§ Exercise aim: Retype nothing except the lines below from the one with "Brooch - carats-emerald" through the one with "Hej! Enligt nedan", exactly, with images left out.

§ Source records:
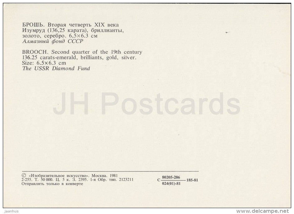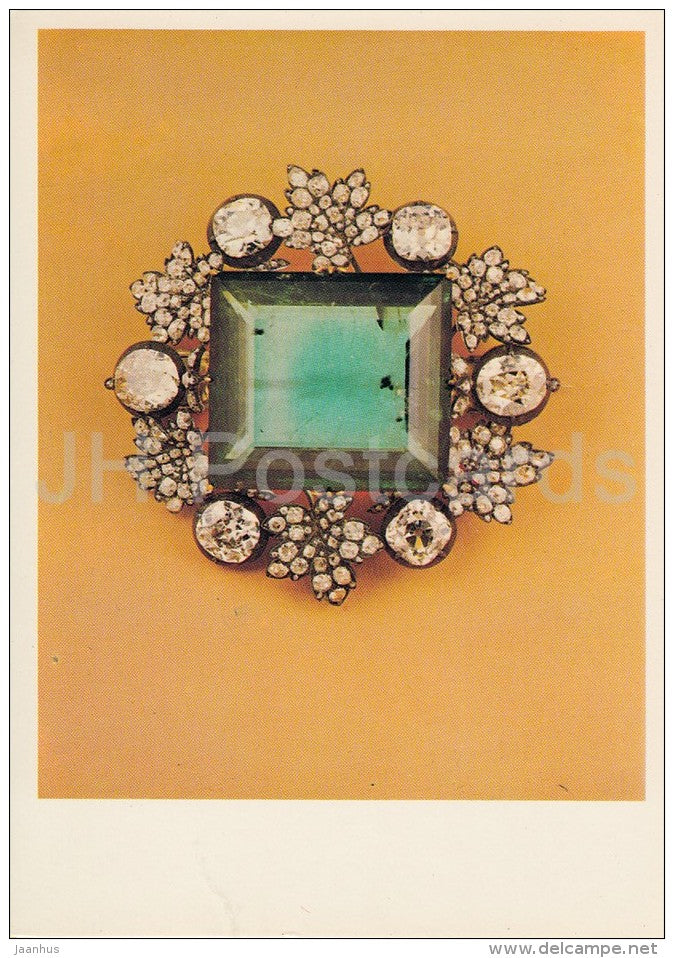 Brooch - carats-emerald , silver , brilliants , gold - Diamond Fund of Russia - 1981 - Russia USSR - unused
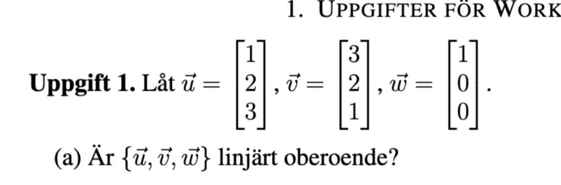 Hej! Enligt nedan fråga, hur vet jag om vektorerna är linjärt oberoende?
--
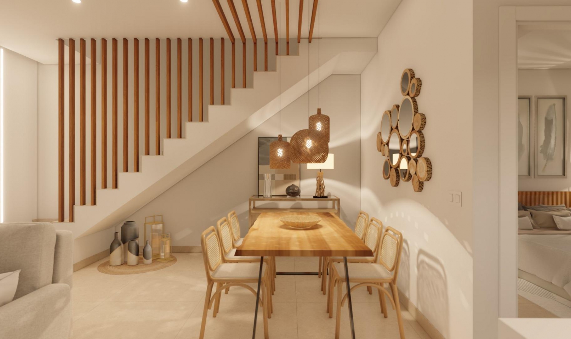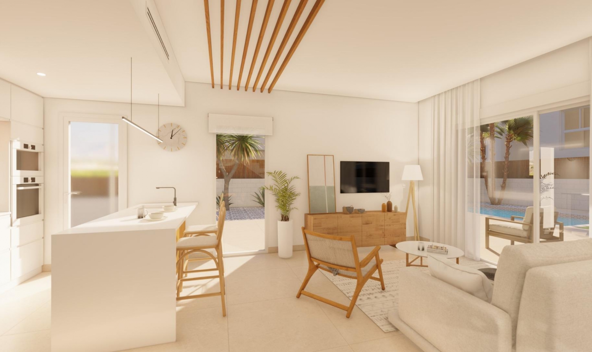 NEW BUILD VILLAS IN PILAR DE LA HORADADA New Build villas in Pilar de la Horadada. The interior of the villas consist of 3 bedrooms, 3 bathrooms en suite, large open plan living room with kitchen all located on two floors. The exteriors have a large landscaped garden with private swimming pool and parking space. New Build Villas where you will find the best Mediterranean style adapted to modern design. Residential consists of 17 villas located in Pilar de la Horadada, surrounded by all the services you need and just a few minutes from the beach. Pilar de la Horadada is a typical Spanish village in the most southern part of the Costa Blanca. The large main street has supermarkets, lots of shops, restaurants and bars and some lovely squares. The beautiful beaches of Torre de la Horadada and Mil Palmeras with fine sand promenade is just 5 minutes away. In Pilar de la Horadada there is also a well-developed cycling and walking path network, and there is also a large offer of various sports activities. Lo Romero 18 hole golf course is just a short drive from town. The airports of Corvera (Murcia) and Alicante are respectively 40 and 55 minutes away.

§ Task output:
 Brooch - carats-emerald , silver , brilliants , gold - Diamond Fund of Russia - 1981 - Russia USSR - unused
 Hej! Enligt nedan fråga, hur vet jag om vektorerna är linjärt oberoende?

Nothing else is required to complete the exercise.